Aggregate Functions & GROUP BY
Summarizing Data
Aggregate functions compute a single result from a set of rows. They are the foundation of data analysis in SQL, letting you answer questions like "how many?", "what is the total?", and "what is the average?".
Core Aggregate Functions
PostgreSQL provides several built-in aggregate functions:
| Function | Description | Example |
|---|---|---|
COUNT(*) | Number of rows | SELECT COUNT(*) FROM products; |
COUNT(column) | Number of non-NULL values in a column | SELECT COUNT(category) FROM products; |
SUM(column) | Sum of all values | SELECT SUM(price) FROM products; |
AVG(column) | Average of all values | SELECT AVG(price) FROM products; |
MIN(column) | Smallest value | SELECT MIN(price) FROM products; |
MAX(column) | Largest value | SELECT MAX(price) FROM products; |
Ship's census time:
COUNTthe crew,SUMthe photon torpedoes, andAVGthe crew's age. Aggregate functions are your chief science officer's best friend.

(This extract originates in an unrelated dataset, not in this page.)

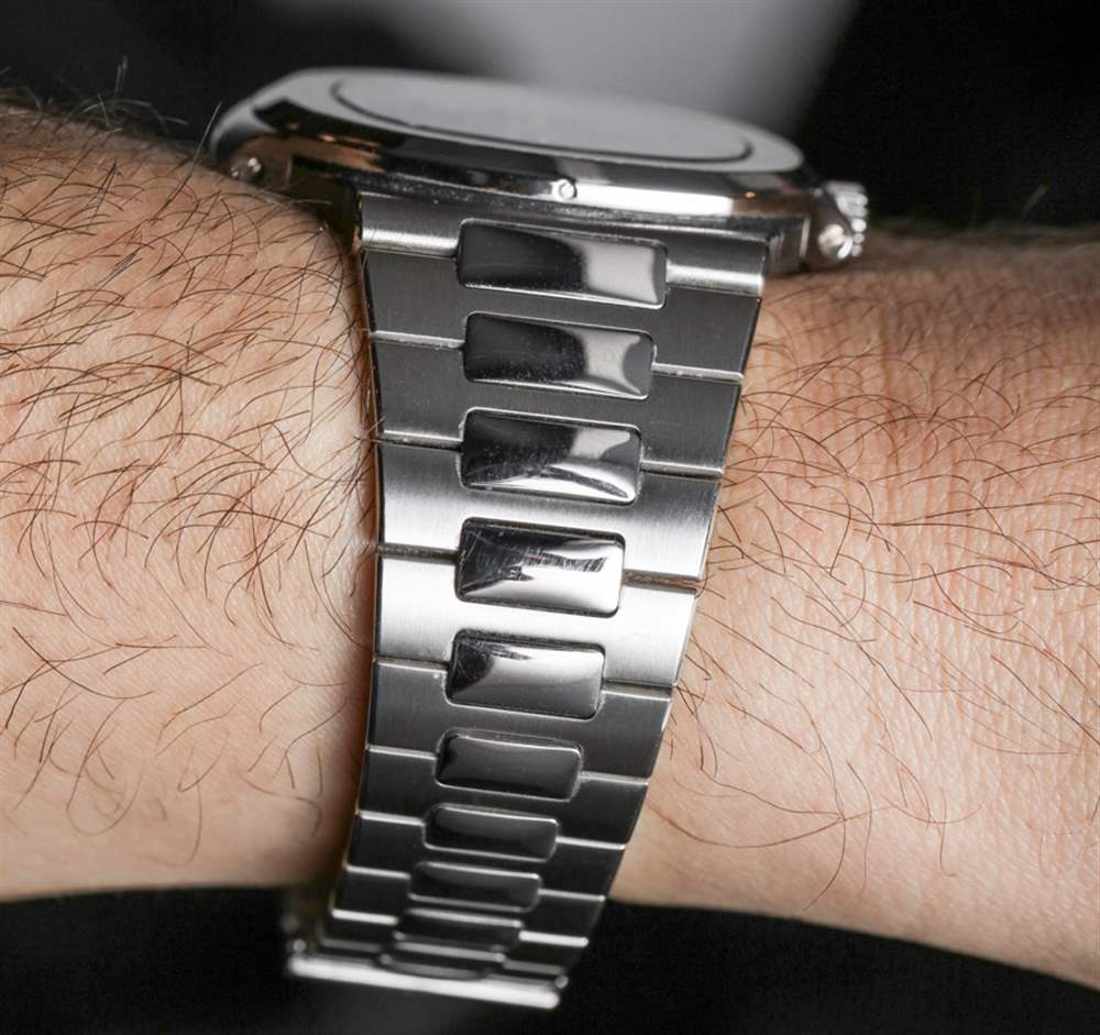 我想談?wù)動(dòng)绊懴蘖堪?5711/1P 百達(dá)翡麗 Nautilus 推出的一些非常重要的事情。百達(dá)翡麗分享的這款手表的圖片使它看起來好像表盤上的“40 1976-2016”文字很大而且很突兀。事實(shí)上,在這些圖像中它看起來非常丑陋。然而,在現(xiàn)實(shí)中,這個(gè)文本非常微妙,在大多數(shù)光照條件下更難看到。大部分情況下,在佩戴百達(dá)翡麗鸚鵡螺鉑金 40 周年紀(jì)念腕表時(shí),并不能真正看到 40 周年紀(jì)念文字。這一點(diǎn)非常重要,因?yàn)槲艺J(rèn)為很多人都認(rèn)為這是一個(gè)非常大的設(shè)計(jì)錯(cuò)誤——正如它出現(xiàn)在百達(dá)翡麗自己的營銷形象中一樣。教訓(xùn) – 再一次 – 是我們應(yīng)該始終對手表進(jìn)行最終保留,直到我們親眼看到它。

A simple aggregate query without GROUP BY collapses the entire table into a single row:
SELECT COUNT(*) AS total_products,
AVG(price) AS average_price,
MIN(price) AS cheapest,
MAX(price) AS most_expensive
FROM products;
COUNT(*) vs COUNT(column)
There is an important distinction:
COUNT(*)counts all rows, including those withNULLvaluesCOUNT(column)counts only rows wherecolumnis notNULL
-- Count all rows
SELECT COUNT(*) FROM orders; -- 3
-- Count only rows with a non-NULL total
SELECT COUNT(total) FROM orders; -- 3
You can also count distinct values:
SELECT COUNT(DISTINCT category) FROM products; -- 4 unique categories
GROUP BY
GROUP BY divides rows into groups that share the same value in one or more columns. Aggregate functions then operate on each group independently:
SELECT category, COUNT(*) AS product_count
FROM products
GROUP BY category;
Result:
| category | product_count |
|---|---|
| Electronics | 2 |
| Kitchen | 2 |
| Office | 3 |
| Accessories | 1 |
Each category becomes its own group, and COUNT(*) counts the rows within each group.
The Non-Aggregated Column Rule
When using GROUP BY, every column in the SELECT list must either:
- Appear in the
GROUP BYclause, or - Be inside an aggregate function
This query is valid:
SELECT category, AVG(price) FROM products GROUP BY category;
This query will fail:
SELECT category, name, AVG(price) FROM products GROUP BY category;
The database cannot know which name to show for a group of multiple products. PostgreSQL enforces this rule strictly and will raise an error.
Tip: If you need to include non-aggregated columns, either add them to
GROUP BY(which creates more granular groups) or wrap them in an aggregate function likeMIN(name)orARRAY_AGG(name).
Grouping by Multiple Columns
You can group by more than one column to create finer-grained groups:
SELECT category, price > 50 AS premium, COUNT(*)
FROM products
GROUP BY category, price > 50;
Combining Aggregates
Multiple aggregate functions can appear in the same query:
SELECT category,
COUNT(*) AS num_products,
ROUND(AVG(price), 2) AS avg_price,
MIN(price) AS min_price,
MAX(price) AS max_price,
SUM(price) AS total_value
FROM products
GROUP BY category
ORDER BY total_value DESC;
Tip: Use
ROUND()withAVG()to control decimal places. Without it, PostgreSQL may return many decimal digits that clutter the output.
Your Task
Find the number of products and the average price for each category. Your result should include the category column.